15. Entire Agreement. This Agreement constitutes the entire agreement and understanding between the parties with respect to the subject matter hereof and supersedes all previous communications, proposals, representations, and agreements, whether oral or written, relating to the subject matter hereof.
16. Binding Effect. Client acknowledges and agrees that this Agreement will be binding upon Client's heirs, executors, administrators, and other legal representatives.
17. Assignment. Neither this Agreement, nor any rights or duties arising under it, may be assigned, delegated, or subcontracted by Client to another without Consultant's prior written consent. Client acknowledges and agrees that Consultant may freely assign this Agreement.
18. Severability. Client agrees that, should any provisions of this Agreement be determined by a court of competent jurisdiction to violate or contravene any applicable law or policy, such provision will be severed and modified to the extent necessary to comply with the applicable law or policy, and such modified provision and the remainder of the provisions hereof will continue in full force and effect.
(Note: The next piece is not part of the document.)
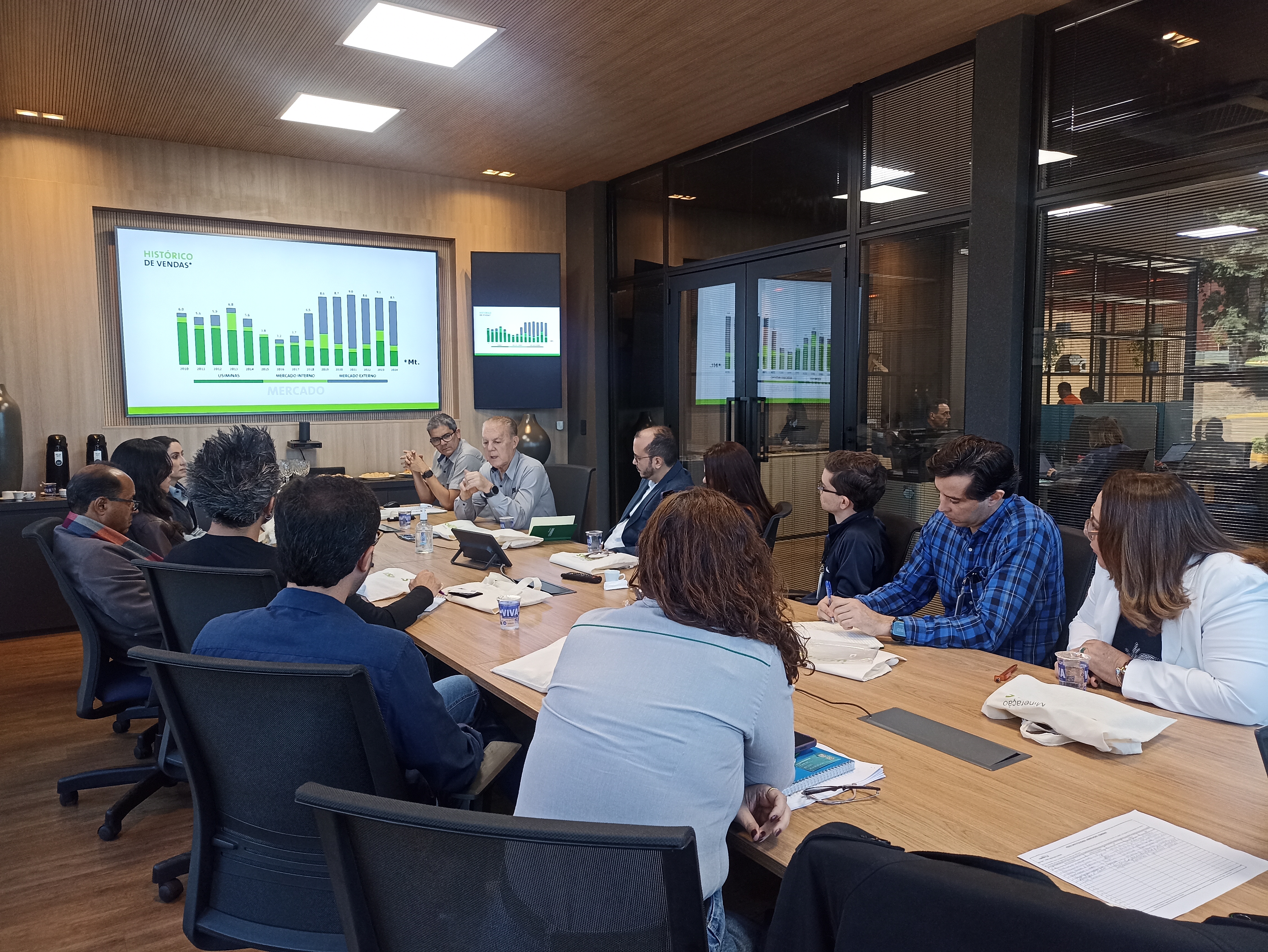 No dia 01 de julho estiveram reunidos na sala principal de reuniões da Mineração Usiminas – Mina Oeste localizada na cidade de Itatiaiuçu, jornalistas da região, o presidente da mineração Carlos Rezzonico e diretores da empresa cuja finalidade foi apresentação de cenários e perspectivas da empresa, além dos investimentos em segurança e meio ambiente. A Mineração Usiminas que foi fundada em 2010 após a compra da mineração que era de propriedade da J Mendes em 2008, atualmente tem uma produção de 10 milhões de ton/ano com exportação para Oriente Médio, Europa e ocupa a quinta posição do ranking nacional em produção de minério de ferro. Em 2019 iniciou o processo de desaguamento de rejeitos e hoje operam sem a utilização de barragens, o que gera segurança para a população no entorno e de seus funcionários. Atualmente está no desenvolvimento do Projeto Compactos, que tem por objetivo dar continuidade das operações por meio de exploração de minérios pobres e assim aumentar a vida útil da mina por mais 30 anos. Em um futuro próximo pretende realizar a construção de um mineroduto de 30km facilitando assim o escoamento da produção de forma seguro e ágil mas que esbarra em projeto de lei que proíbe a construção mas que já está sendo articulado com governo para que não haja o comprometimento das operações da empresa mediante a não construção do mineroduto . Foi apresentado também ações de desenvolvimento das comunidades em que atua que compreende 5 municípios, Itatiaiuçu, Mateus Leme, Igarapé, Rio Manso e Itaúna, nessas cidades mais de 100 mil pessoas foram alcançadas em 2024 com projetos apoiados pela mineração, programas com a população como o projeto Diálogo de Vizinhos, portas Abertas e entrega de 92 ações de educação ambiental. No meio ambiente a empresa investe continuamente em controle ambiental, gestão hídrica e preservação de áreas verdes, o projeto Mina de Mel, beneficia produtores locais de mel e derivados, a área de preservação ambiental da mineração é aproximadamente seis vezes que a área ocupacional, 52.500 mudas de espécies nativas plantadas em 2024, e 93,65% da água utilizada no beneficiamento do minério é recirculada nas operações. Após a apresentação teórica o grupo de jornalista foi levado à uma visita às operações. Dentre os locais visitados está a sala de controle das operações onde se observa cada operação, desde equipamentos e veículos até o monitoramento de ações e comportamentos dos funcionários que operam os mesmos, identificando ações incorretas de uso ou fadiga que podem gerar acidentes e ainda monitoramento da qualidade do ar e da água da região. Foi um dia muito especial vivenciado na empresa pelo jornalista, Luiz Parreiras que esteve presente e parabeniza ao presidente e seus diretores pelo encontro que de forma didática apresentaram os cenários da empresa cujo objetivo é mostrar à população através do olhar dos profissionais de comunicação as ações desenvolvidas pela empresa, suas conquistas e desafios.

19. Captions. The captions and headings used throughout this Agreement are for ease of reference only, and do not expand, limit or in any way affect the meaning or interpretation of any provision.
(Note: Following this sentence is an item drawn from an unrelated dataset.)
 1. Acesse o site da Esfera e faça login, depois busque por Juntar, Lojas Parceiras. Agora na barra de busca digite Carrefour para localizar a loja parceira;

20. Waiver. Client agrees that any delay or omission on the part of Consultant to exercise any right under this Agreement will not operate as a waiver of such right or any other right; and that a waiver of any right of Consultant hereunder on one occasion will not be construed as a bar to or waiver of any right on any future occasion.
21. Amendment. Except in regard to the Scope of Services, Service Fees, Management Fees and Onboarding Fees, Consultant retains the right to update this Agreement’s terms in its sole discretion at any time and with or without notice to Client. Any changes to the Scope of Services, Service Fees, Management Fees and Onboarding Fees shall require a written instrument setting forth such changes signed by both parties.
22. Governing Law, Jurisdiction and Venue. The parties agree this Agreement shall be governed by and construed in accordance with the laws of the State of Pennsylvania without regard to its conflict of law provisions. The parties further agree to be subject to the personal and subject matter jurisdiction and venue of the federal and state courts for the State of Pennsylvania.
23. Notice. All notices and other communications required or permitted to be given under this Agreement shall be in writing and shall be considered properly given and effective upon receipt when: (a) deposited in the postal mail, certified, postage prepaid; (b) delivered in person; (c) sent by overnight delivery by a nationally recognized express transportation company; (d) sent by facsimile with a transmission confirmation; or (e) sent by electronic mail with a delivery confirmation; and addressed to the appropriate party, unless by such notice different contact information shall have been designated.
24. Multiple Counterparts. This Agreement may be executed in several counterparts, all of which taken together shall constitute one single Agreement between the parties. The parties also agree that execution of this Agreement by facsimile or e-signatures shall be valid and binding and considered the same as original signatures.
By signing this Agreement, you, the Client, state that you have read this Agreement. Your signature, electronic or otherwise, forms a binding enforceable contract, and you expressly agree to be bound by this Agreement’s terms.